**HOW TO COMPLETE THIS TASK**: Please output the records below in full, exactly as given, but without the images.

Records drawn from a dataset
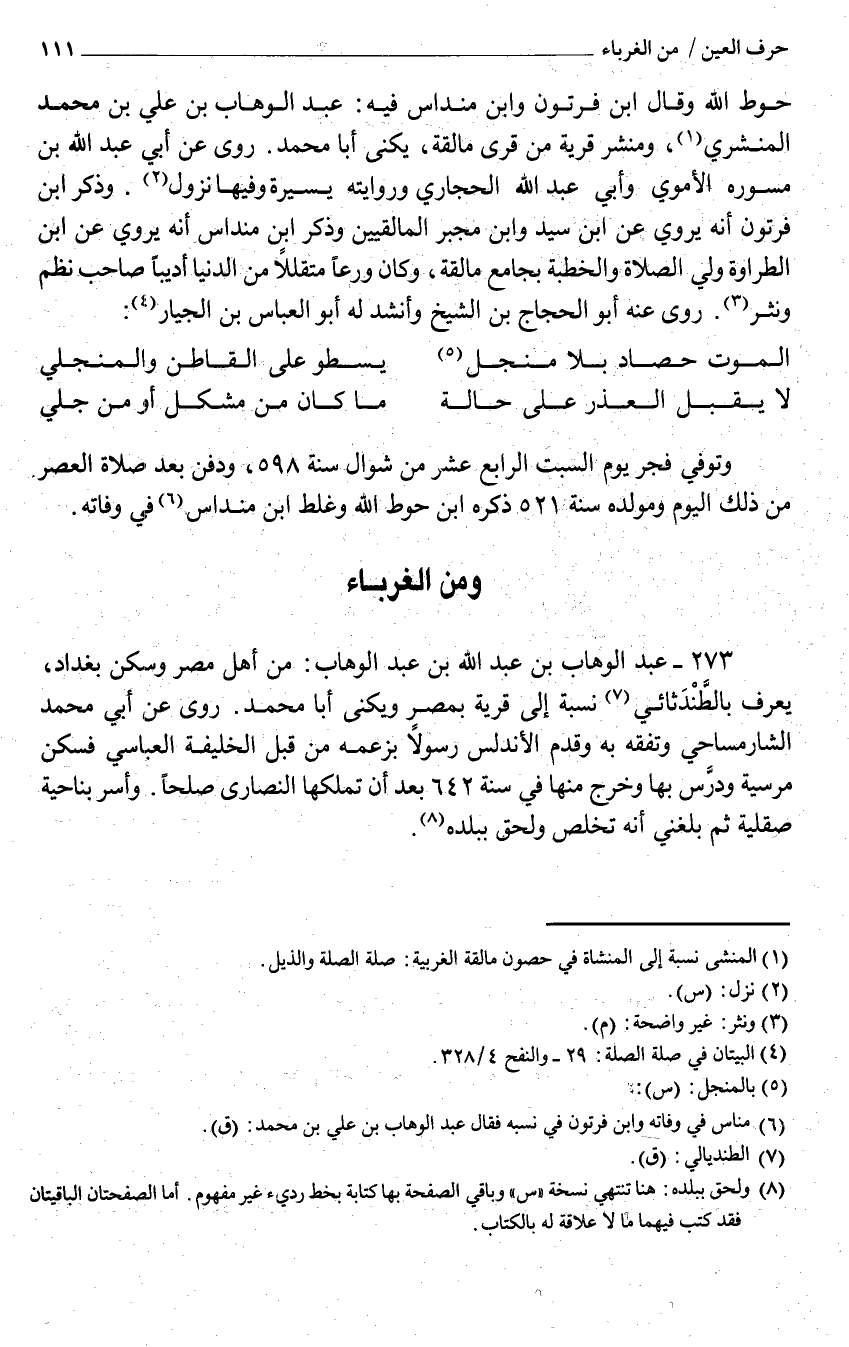 حوط الله وَقَالَ ابْن فرتون وَابْن منداس فِيهِ عبد الْوَهَّاب بن عَليّ بن مُحَمَّد المنشري ومنشر قَرْيَة من قري مالقة يكنى أَبَا مُحَمَّد روى عَنْ أَبِي عبد الله بن مسوره الْأمَوِي وَأبي عبد الله الحجاري وَرِوَايَته يسيرَة وفيهَا نزُول وَذكر ابْن فرتون أَنه يروي عَن ابْن سيد وَابْن مجبر المالقيين وَذكر ابْن منداس أَنه يروي عَن ابْن الطراوة ولي الصَّلَاة وَالْخطْبَة بِجَامِع مالقة وَكَانَ ورعا متقللا من الدُّنْيَا أديبا صَاحب نظم ونثر رُوِيَ عَنهُ أَبُو الْحجَّاج بن الشَّيْخ وَأنْشد لَهُ أَبُو الْعَبَّاس بن الجيار
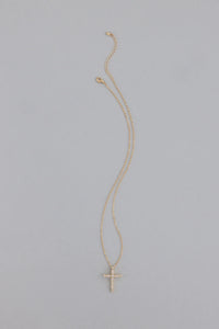 Radiate a divine sparkle in this dainty chain necklace featuring a cross pendant with small cubic zirconia embellishments.
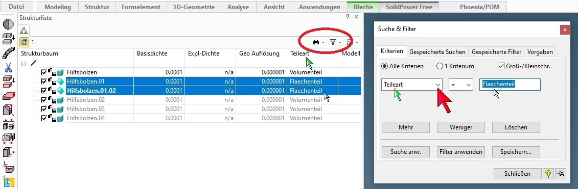 Is there a way to search for face parts in the structure browser? I would like to isolate all face parts so they can be repaired after import.
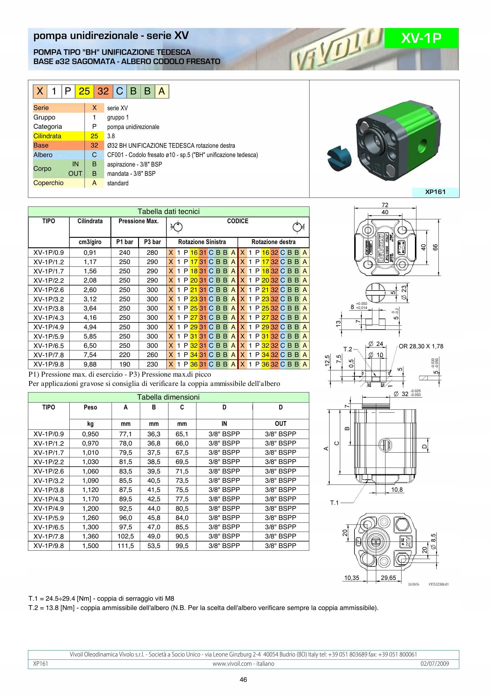Гідравлічний редукторний насос XV-1P/2.2 см3/обертання X1P2032CBBA + зчеплення тріщини
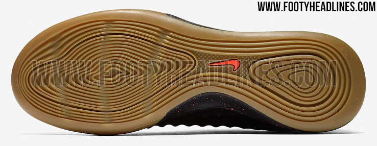 Die Lunarlon-Zwischensohle des neuen Nike MagistaX Finale II ist schwarz mit orangen Farbspritzern, während die Außensohle auf der Hallenversion hellbraun und auf der Outdoor-Version (Hartplatz) schwarz ist.
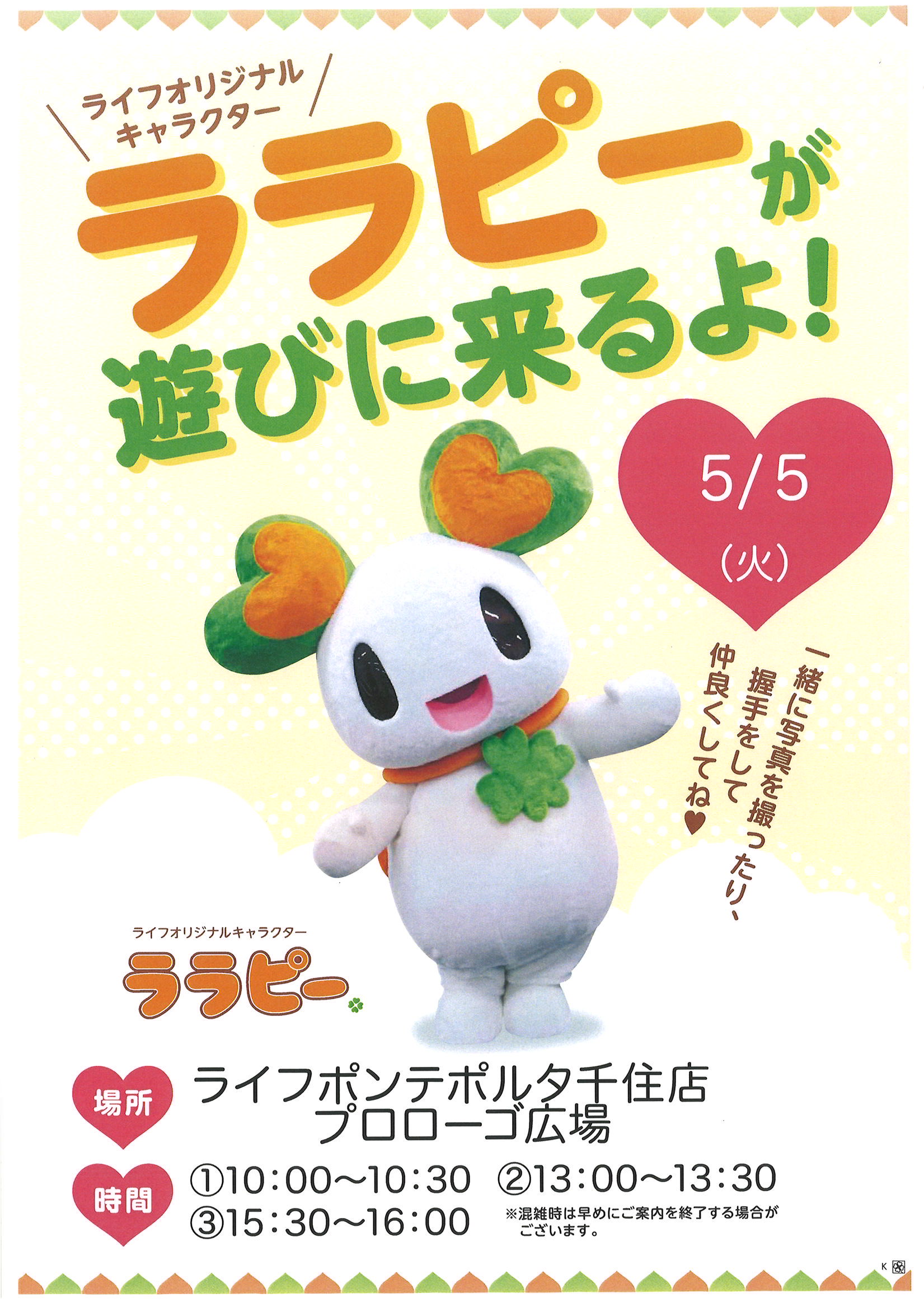 5月5日はライフへ行こう!ララピーがポンテポルタ千住店にやってくる💚

**EXPECTED ANSWER**:
 حوط الله وَقَالَ ابْن فرتون وَابْن منداس فِيهِ عبد الْوَهَّاب بن عَليّ بن مُحَمَّد المنشري ومنشر قَرْيَة من قري مالقة يكنى أَبَا مُحَمَّد روى عَنْ أَبِي عبد الله بن مسوره الْأمَوِي وَأبي عبد الله الحجاري وَرِوَايَته يسيرَة وفيهَا نزُول وَذكر ابْن فرتون أَنه يروي عَن ابْن سيد وَابْن مجبر المالقيين وَذكر ابْن منداس أَنه يروي عَن ابْن الطراوة ولي الصَّلَاة وَالْخطْبَة بِجَامِع مالقة وَكَانَ ورعا متقللا من الدُّنْيَا أديبا صَاحب نظم ونثر رُوِيَ عَنهُ أَبُو الْحجَّاج بن الشَّيْخ وَأنْشد لَهُ أَبُو الْعَبَّاس بن الجيار
 Radiate a divine sparkle in this dainty chain necklace featuring a cross pendant with small cubic zirconia embellishments.
 Is there a way to search for face parts in the structure browser? I would like to isolate all face parts so they can be repaired after import.
Гідравлічний редукторний насос XV-1P/2.2 см3/обертання X1P2032CBBA + зчеплення тріщини
 Die Lunarlon-Zwischensohle des neuen Nike MagistaX Finale II ist schwarz mit orangen Farbspritzern, während die Außensohle auf der Hallenversion hellbraun und auf der Outdoor-Version (Hartplatz) schwarz ist.
 5月5日はライフへ行こう!ララピーがポンテポルタ千住店にやってくる💚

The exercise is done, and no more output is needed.